Whereas the runtime efficiency outcomes of the optimized CPU coaching of our toy mannequin (and our chosen surroundings) had been decrease than the GPU outcomes, it’s doubtless that the identical optimization steps utilized to different mannequin architectures (e.g., ones that embrace parts that aren’t supported by GPU) could outcome within the CPU efficiency matching or beating that of the GPU. And even in instances the place the efficiency hole is just not bridged, there could very properly be instances the place the scarcity of GPU compute capability would justify operating a few of our ML workloads on CPU.

Given the ubiquity of the CPU, the flexibility to make use of them successfully for coaching and/or operating ML workloads might have large implications on growth productiveness and on end-product deployment technique.

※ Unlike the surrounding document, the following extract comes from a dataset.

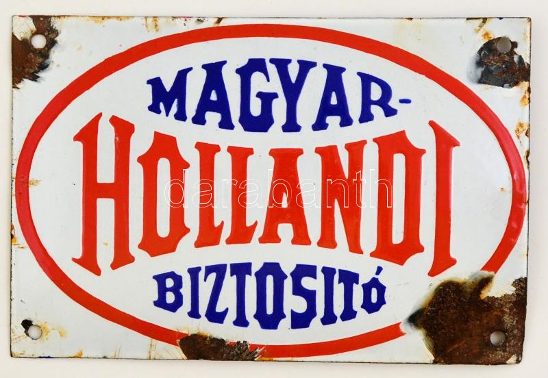 Magyar-Hollandi Biztosító, zománcozott fémtábla, sérült, 12×18 cm https://www.darabanth.com/de/323-Fernauktion/323.0/Andere-Sammelgebiete/Flohmarkt~500011/Magyar-Hollandi-Biztosito-zomancozott-femtabla-serult-12C39718-cm~II1792239
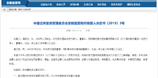 除了债务问题外,新光圆成内部问题层出不穷,还涉及多项违法违规行为。2019年12月,新光圆成及相关人员收到中国证券监督管理委员会安徽监管局下发《行政处罚决定书》。其中显示,周晓光、虞云新作为新光圆成董事、实际控制人,其指使、安排新光集团非经营性占用上市公司资金的关联交易事项、上市公司违规担保事项、共同借款事项,不履行信息披露义务,情节严重。

Whereas the character of the CPU structure is much less amiable to many ML functions when in comparison with the GPU, there are numerous instruments and strategies obtainable for enhancing its efficiency — a choose few of which we’ve got mentioned and demonstrated on this submit.

On this submit we centered optimizing coaching on CPU. Please make sure to try our many different posts on medium protecting all kinds of subjects pertaining to efficiency evaluation and optimization of machine studying workloads.